Given its original serialized format, the has an organization into thirds. The first establishes the setting and the personality/relationship between the D’Aquillon family members up to Pascal’s discovery. The second details the family’s process of making a decision of what to do regarding their discovery, and reaching out to potential allies. And the concluding third unveils the fruition of those plans and how that impacts the various family members.

A lot happens, therefore, in The House of Styx. Yet, it also reads as relatively incomplete. As the first part of a series, it is largely setting things up for the future, and the novel ends with a lot being unresolved. Sure, some things wrap up, and there are certainly character arcs/growth going on. I’m just not convinced that there’s enough for the novel to satisfyingly work as a stand-alone. Don’t get me wrong, I really enjoyed the novel, and I’m looking forward to reading more. But, I don’t think I’d recommend it to someone who was only willing to commit to reading just this first book. If you read this, you’re setting yourself up to need to read the future books of the series to fully appreciate things.

Here’s why The House of Styx and beyond is worth investment: the setting and its characters work phenomenally well to explore both concepts of science and of humanity. The Québécois culture and argot that peppers the novel give it a unique and personalized tone from Künsken that provides an interesting and new perspective to what might be expected of future colonists of a world like Venus.
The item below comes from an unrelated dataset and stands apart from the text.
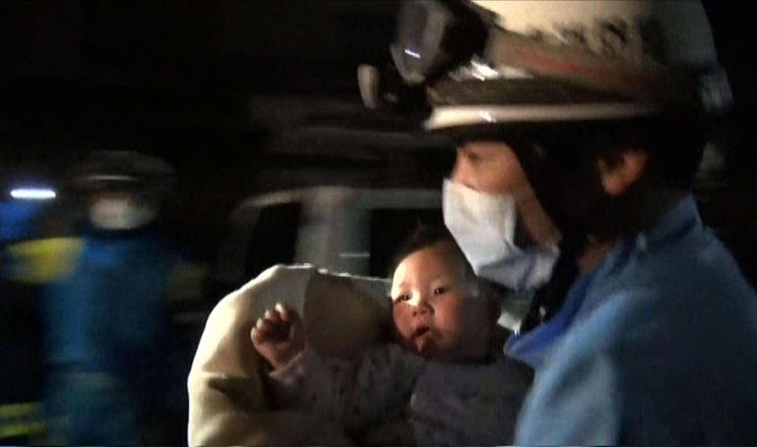 Video footage provided by the National Police Agency showed the tiny pink pyjama-clad baby gently carried away in a blanket by helmeted rescuers from the rubble of the home.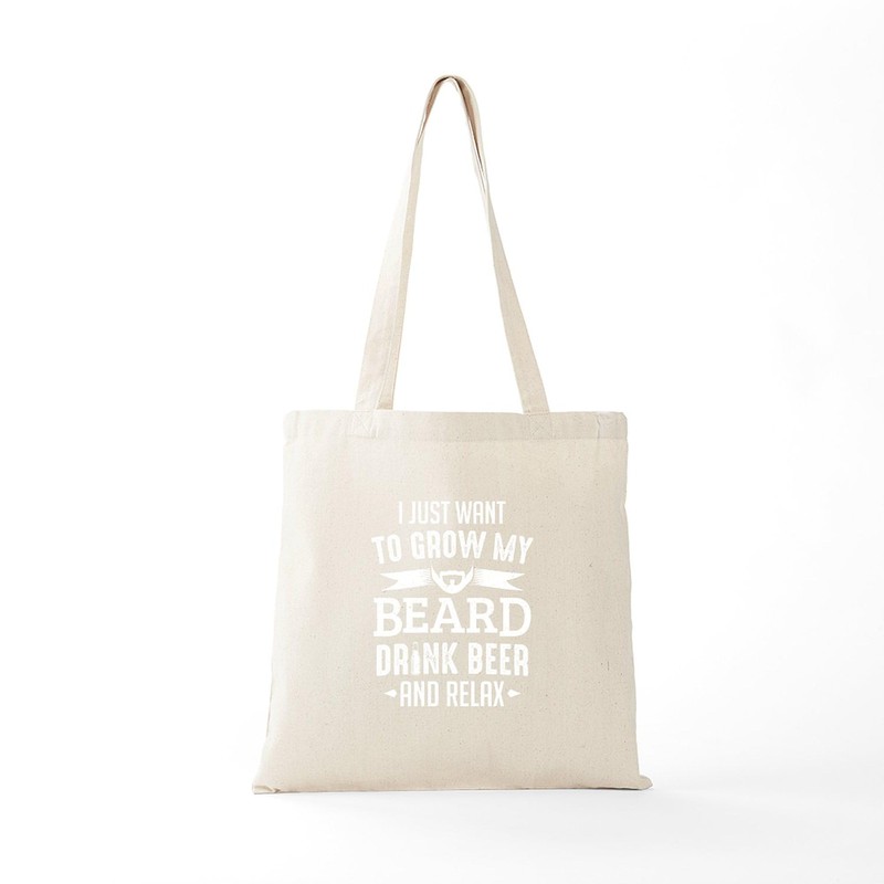 CafePress Bearded Man Grow My Beard Drink Be Reusable Natural Beige Canvas Shopping Bag

The pride, daring, and loyalty of the D’Aquillon’s shines to overcome their sins, failings, or ‘imperfections’ for their environment.

Of all the characters, Pascal is most frequently central, with events going through his point of view, with Marthe and Émile being close seconds. For each of these siblings (and to some extent other characters who don’t really have POVs), the plot of the novel is really a vehicle for them to fully work out who they each are as individuals. Are they just a D’Aquillon, or are they also Venusian? Can they be different from their father, yet still be loyal to the family? What are they meant to do with their life? Who are they really meant to be, at their core?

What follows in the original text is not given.